## Information supplied

◆ ◆ ◆

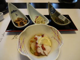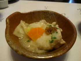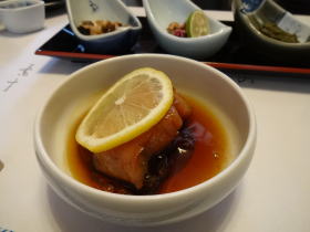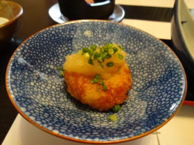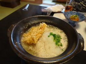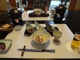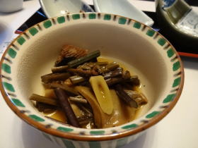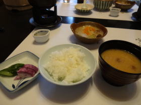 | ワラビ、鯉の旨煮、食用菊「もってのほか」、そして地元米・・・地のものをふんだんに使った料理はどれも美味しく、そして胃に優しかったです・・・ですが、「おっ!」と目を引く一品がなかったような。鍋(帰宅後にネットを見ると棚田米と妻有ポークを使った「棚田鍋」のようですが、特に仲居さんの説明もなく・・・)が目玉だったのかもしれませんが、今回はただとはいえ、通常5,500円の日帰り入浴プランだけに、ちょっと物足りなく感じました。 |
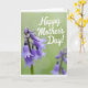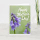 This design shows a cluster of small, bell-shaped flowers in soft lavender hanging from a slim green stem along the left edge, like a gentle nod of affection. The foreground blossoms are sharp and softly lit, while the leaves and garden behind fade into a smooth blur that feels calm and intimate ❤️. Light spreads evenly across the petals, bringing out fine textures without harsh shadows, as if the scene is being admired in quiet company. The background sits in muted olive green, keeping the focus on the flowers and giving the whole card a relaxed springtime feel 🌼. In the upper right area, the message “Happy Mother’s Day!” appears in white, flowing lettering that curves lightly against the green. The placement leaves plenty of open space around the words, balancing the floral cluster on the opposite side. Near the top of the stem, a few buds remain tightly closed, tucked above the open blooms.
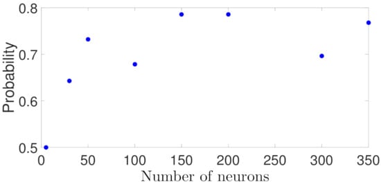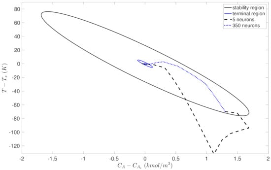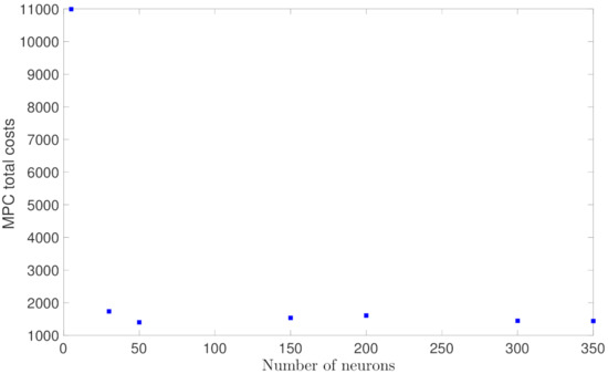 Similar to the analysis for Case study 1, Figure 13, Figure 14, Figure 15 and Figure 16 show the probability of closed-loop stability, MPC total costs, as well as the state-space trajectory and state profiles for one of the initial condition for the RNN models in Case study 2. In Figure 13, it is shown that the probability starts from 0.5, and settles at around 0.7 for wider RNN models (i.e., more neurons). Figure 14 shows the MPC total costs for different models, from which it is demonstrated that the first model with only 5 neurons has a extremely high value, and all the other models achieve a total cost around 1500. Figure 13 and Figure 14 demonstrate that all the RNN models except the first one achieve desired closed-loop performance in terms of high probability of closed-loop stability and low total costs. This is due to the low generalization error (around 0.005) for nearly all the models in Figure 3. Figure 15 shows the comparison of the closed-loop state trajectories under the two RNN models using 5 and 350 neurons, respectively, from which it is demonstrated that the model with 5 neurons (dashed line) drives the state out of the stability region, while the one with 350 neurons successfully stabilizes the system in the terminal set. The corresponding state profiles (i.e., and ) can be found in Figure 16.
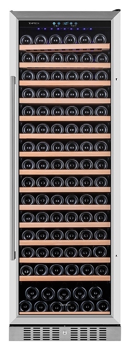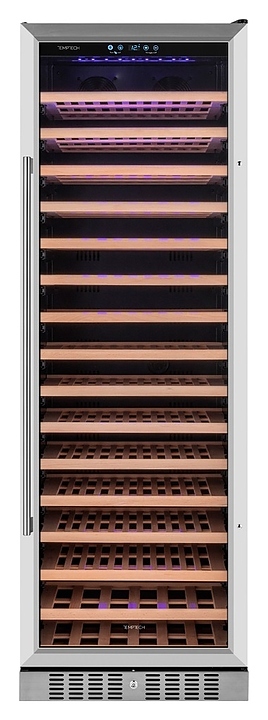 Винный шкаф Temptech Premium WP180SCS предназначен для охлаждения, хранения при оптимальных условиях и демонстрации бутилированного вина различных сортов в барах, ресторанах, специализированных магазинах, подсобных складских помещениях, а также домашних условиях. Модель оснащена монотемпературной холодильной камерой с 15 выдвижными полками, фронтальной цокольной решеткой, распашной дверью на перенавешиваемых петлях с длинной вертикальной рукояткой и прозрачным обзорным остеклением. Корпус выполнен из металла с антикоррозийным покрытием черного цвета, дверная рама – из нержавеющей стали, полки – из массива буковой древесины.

◆ ◆ ◆

## Your goal
Copy the listing above word for word. Do not include the pictures.

## Reply to the task
 | ワラビ、鯉の旨煮、食用菊「もってのほか」、そして地元米・・・地のものをふんだんに使った料理はどれも美味しく、そして胃に優しかったです・・・ですが、「おっ!」と目を引く一品がなかったような。鍋(帰宅後にネットを見ると棚田米と妻有ポークを使った「棚田鍋」のようですが、特に仲居さんの説明もなく・・・)が目玉だったのかもしれませんが、今回はただとはいえ、通常5,500円の日帰り入浴プランだけに、ちょっと物足りなく感じました。 |
 This design shows a cluster of small, bell-shaped flowers in soft lavender hanging from a slim green stem along the left edge, like a gentle nod of affection. The foreground blossoms are sharp and softly lit, while the leaves and garden behind fade into a smooth blur that feels calm and intimate ❤️. Light spreads evenly across the petals, bringing out fine textures without harsh shadows, as if the scene is being admired in quiet company. The background sits in muted olive green, keeping the focus on the flowers and giving the whole card a relaxed springtime feel 🌼. In the upper right area, the message “Happy Mother’s Day!” appears in white, flowing lettering that curves lightly against the green. The placement leaves plenty of open space around the words, balancing the floral cluster on the opposite side. Near the top of the stem, a few buds remain tightly closed, tucked above the open blooms.
 Similar to the analysis for Case study 1, Figure 13, Figure 14, Figure 15 and Figure 16 show the probability of closed-loop stability, MPC total costs, as well as the state-space trajectory and state profiles for one of the initial condition for the RNN models in Case study 2. In Figure 13, it is shown that the probability starts from 0.5, and settles at around 0.7 for wider RNN models (i.e., more neurons). Figure 14 shows the MPC total costs for different models, from which it is demonstrated that the first model with only 5 neurons has a extremely high value, and all the other models achieve a total cost around 1500. Figure 13 and Figure 14 demonstrate that all the RNN models except the first one achieve desired closed-loop performance in terms of high probability of closed-loop stability and low total costs. This is due to the low generalization error (around 0.005) for nearly all the models in Figure 3. Figure 15 shows the comparison of the closed-loop state trajectories under the two RNN models using 5 and 350 neurons, respectively, from which it is demonstrated that the model with 5 neurons (dashed line) drives the state out of the stability region, while the one with 350 neurons successfully stabilizes the system in the terminal set. The corresponding state profiles (i.e., and ) can be found in Figure 16.
 Винный шкаф Temptech Premium WP180SCS предназначен для охлаждения, хранения при оптимальных условиях и демонстрации бутилированного вина различных сортов в барах, ресторанах, специализированных магазинах, подсобных складских помещениях, а также домашних условиях. Модель оснащена монотемпературной холодильной камерой с 15 выдвижными полками, фронтальной цокольной решеткой, распашной дверью на перенавешиваемых петлях с длинной вертикальной рукояткой и прозрачным обзорным остеклением. Корпус выполнен из металла с антикоррозийным покрытием черного цвета, дверная рама – из нержавеющей стали, полки – из массива буковой древесины.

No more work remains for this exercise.